American music teacher Annie Morgan is brought into this venture by her Aunt Harriet, who’s Teddy’s executive assistant. Annie becomes Teddy’s special emissary in this new undertaking—but she’s not prepared for her instant attraction to the charismatic Gabriel. And he’s blindsided by the life-altering effect of Annie’s very first smile.
It doesn’t matter, anyway, because Teddy wants nothing personal mucking up this gig, and he forbids the two to get involved. Gabriel has never had to answer to anyone, and he’s not sure he wants to start now. Annie is still mourning her deceased husband’s memory, and she’s not sure of anything.
What happens when beautiful music meets predestined love? Seduction always wins.
Gabriel’s and Annie’s love story is the first book in this romantic, sexy Bel Homme Quartet. Don’t miss being there from the very beginning. Vive la France!

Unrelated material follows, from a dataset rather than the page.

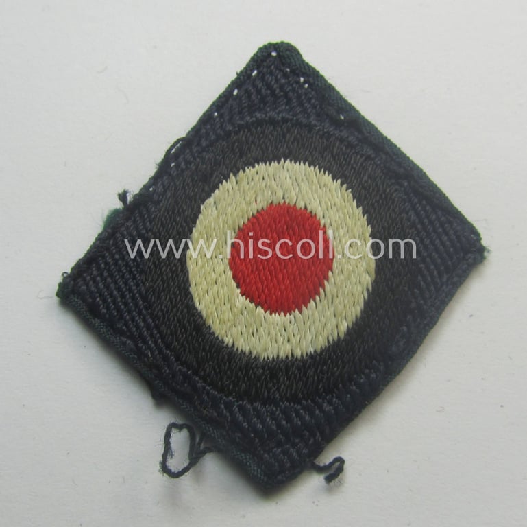 This is an attractive - and nowadays actually scarcely encountered! - WH (Kriegsmarine) 'standard-issue'-pattern side-cap-cocarde (ie. 'Kokarde für Schiffchenmütze') being an example as executed in so-called: 'BeVo'-weave pattern and that comes in an overall nice- (ie. truly used- and/or carefully side-cap-removed-), condition. It should be noted that these naval side-cap- (ie. 'Schiffchen'-) insignia-pieces are quite difficult to encounter (and come hardly ever for sale). The piece - which is executed in the so-called: 'BeVo'-weave pattern and is executed in multi-coloured linnen onto a darker-blue-coloured- and/or also linnen-based background: it was carefully confectioned and/or pre-folded and shows the signs of having been once cap-attached (as can be seen on the pictures). The piece shows some minimal age and/or staining but can, nevertheless, excellently be used to complete or restore any blue-coloured side-cap (ie. 'Kriegsmarine-Schiffchen'). Simply an attractive 'Kriegsmarine'-related side-cap insignia-piece that is actually hard to encounter and that is I deem accordingly priced!

Annie held Gabriel’s hand as they strolled across the English countryside in the picturesque county of Kent. “What’s it like being one of the biggest celebrities in France?”
Gabriel answered without thinking. “Lonely.”
Annie softened. What an odd word to choose for the first one. “Is it fun?”
He watched his feet. She was going to do it. She was going to open him up and discover every answer she was looking for. “Usually.”
“Challenging?”
“Always. I don’t want a job that teaches me nothing.”
Illuminating, she thought. “So the easy choices don’t interest you.”
“Not at all. Even when I was young, I had an old man’s pride to balance a young man’s romantic spirit, and the belief I was given a gift that shouldn’t be squandered.”
“How old were you when you started acting?”
“Eight.”
Annie studied his profile. In this revealing light, he looked younger than his thirty-odd years, and a speck of that little boy was there behind the faint lines around his eyes. He was grown, but he still felt the weight of delivering the goods. “Did you go to a regular school?”
Gabriel shook his head. “Non, private tutors always.”
“I want you to tell me what’s bothering you,” she said. They were getting closer to the trees. Out here, they were in the open. The forest would close them in. Maybe its cover would allow him to share his secrets, so she headed that way. “Don’t worry about how it looks or how it might sound.”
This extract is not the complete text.